These properties make the cache oblivious model the gold standard for analyzing high performance algorithms, and it should always be our goal to design data structures and algorithms that scale in this model. However, to achieve these benefits we need to do a bit more work up front when we are designing our algorithms.

For array operations, a simple way to do this is to adapt Prokop’s cache oblivious matrix transpose algorithm (see the above thesis for details). The way it works is that we keep recursively splitting our multidimensional arrays in half along the largest axis until finally we are left with blocks of unit size. In psuedo-JavaScript using ndarrays, it would look like this:

function recursiveAdd(a, b) {
  var rows = a.shape[0]
    , cols = a.shape[1]
  if(rows === 1 && cols === 1) {
    a.data[a.offset] += b.data[b.offset]
  } else if(rows > cols) {
    rows >>>= 1
    recursiveAdd(a.hi(rows, cols), b.hi(rows, cols))
    recursiveAdd(a.lo(rows, 0), b.lo(rows, 0))
  } else {
    cols >>>= 1
    recursiveAdd(a.hi(rows, cols), b.hi(rows, cols))
    recursiveAdd(a.lo(0, cols), b.lo(0, cols))
  }
}

The above code also works regardless of the stride and always uses an optimal $O(1+\frac{\text{shape}[0]\text{shape}[1]}{B})$ block memory transfers if the cache is at least $M \geq B^2$ . It is also pretty easy to generalize this idea to multiple arrays with higher dimensions, which again performs optimally assuming that $M \geq n B^d$ where n is the number of arguments and d is the dimension of the arrays.

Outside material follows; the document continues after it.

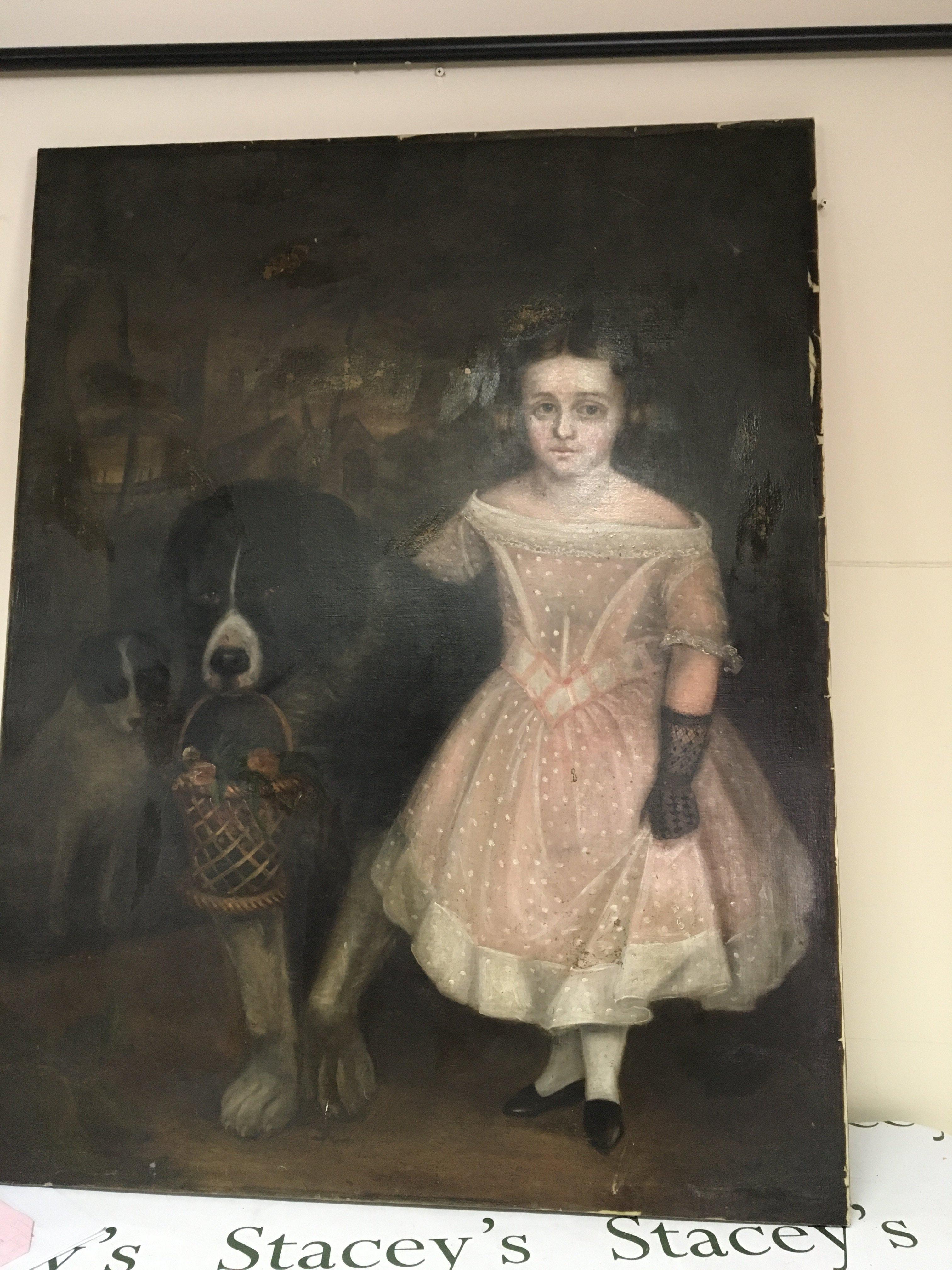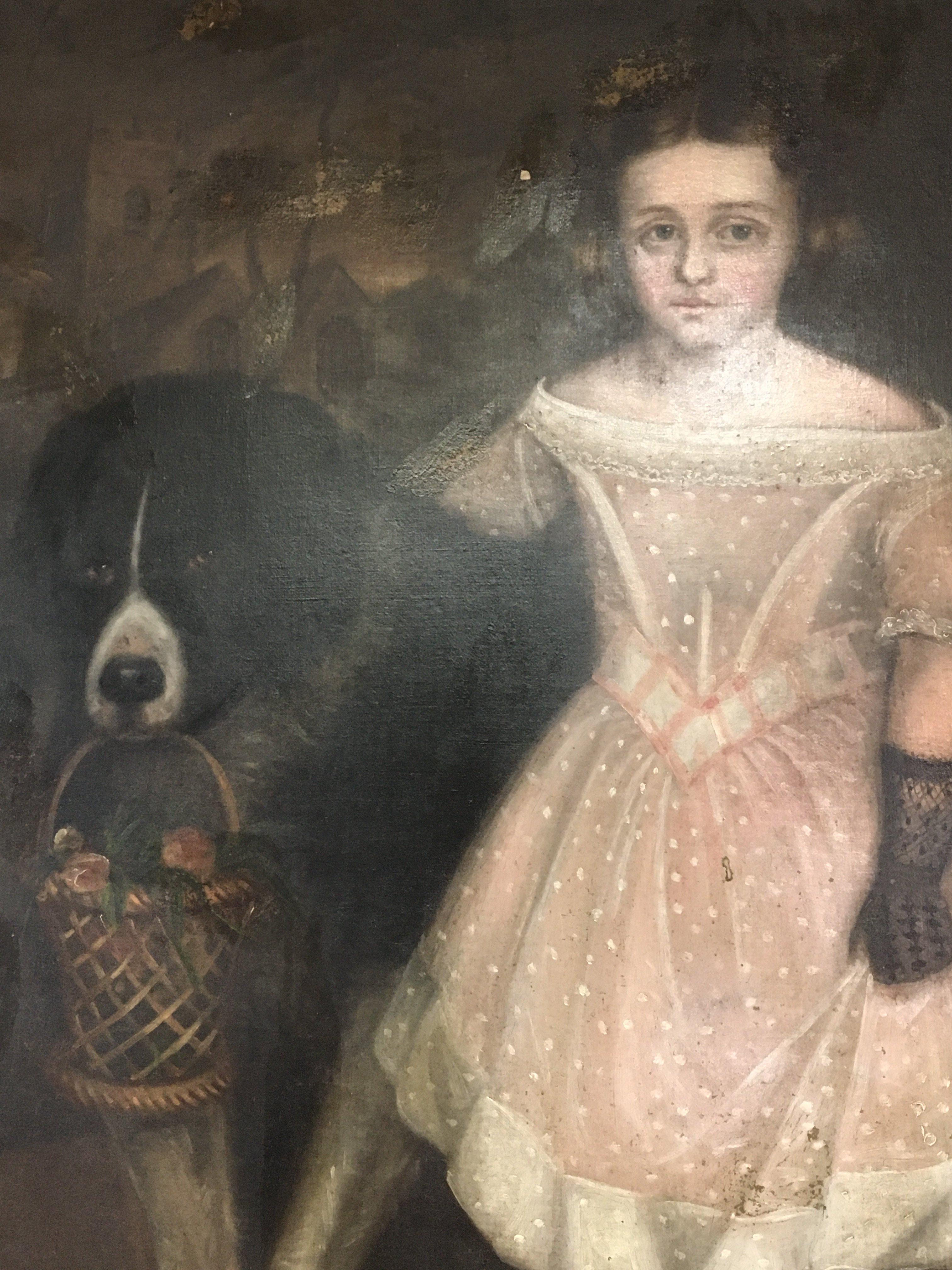 An Early Symbolic Victorian oil painting study of a young girl with Burmese Mountain dog carrying a basket of flowers with other dogs and a church building beyond. Unsigned and unattributed.

Array operations for JavaScript

The above cache oblivious algorithm is clearly what we want to implement, but the code in the previous listing is just a sketch and if implemented naively is not likely to be very fast (at least in JavaScript). There are quite a few important JS-specific micro-optimizations that we ought to apply before seriously implementing cache-oblivious array operations:

Slicing the arrays creates a small amount of garbage at each level of recursion, and so we should probably flatten out the objects and keep track of their structures as arguments incrementally to avoid unnecessary memory allocation.
Using a recursive function call is much slower than manually using a stack to keep track of previous calls,.
Similarly, we should use the pointer tricks from the simple algorithm to speed up array indexing.
Also if the strides match, we should use the direct pointer arithmetic version as it has lower overhead
For small array sizes the overhead of recursion is much larger than the savings due to cache improvements, and so we would want to terminate the subdivision sometime before getting all the way down to unit arrays. (This is not related to the size of the cache blocks since it is a function of the amount of CPU overhead, not memory bandwidth).

Code!

All of these issues can be pretty tricky to get right, and so it makes sense to try to push all of this complexity into a library. This is what the cwise library does, and you can get it here:

https://github.com/mikolalysenko/cwise

That library should work in any JavaScript environment that supports typed arrays, including most current browsers (IE 9+, Firefox, Chrome and Safari). If you want to try it out in your own projects, you can install it via npm or use browserify (or some similar tool) to stick it in your web page.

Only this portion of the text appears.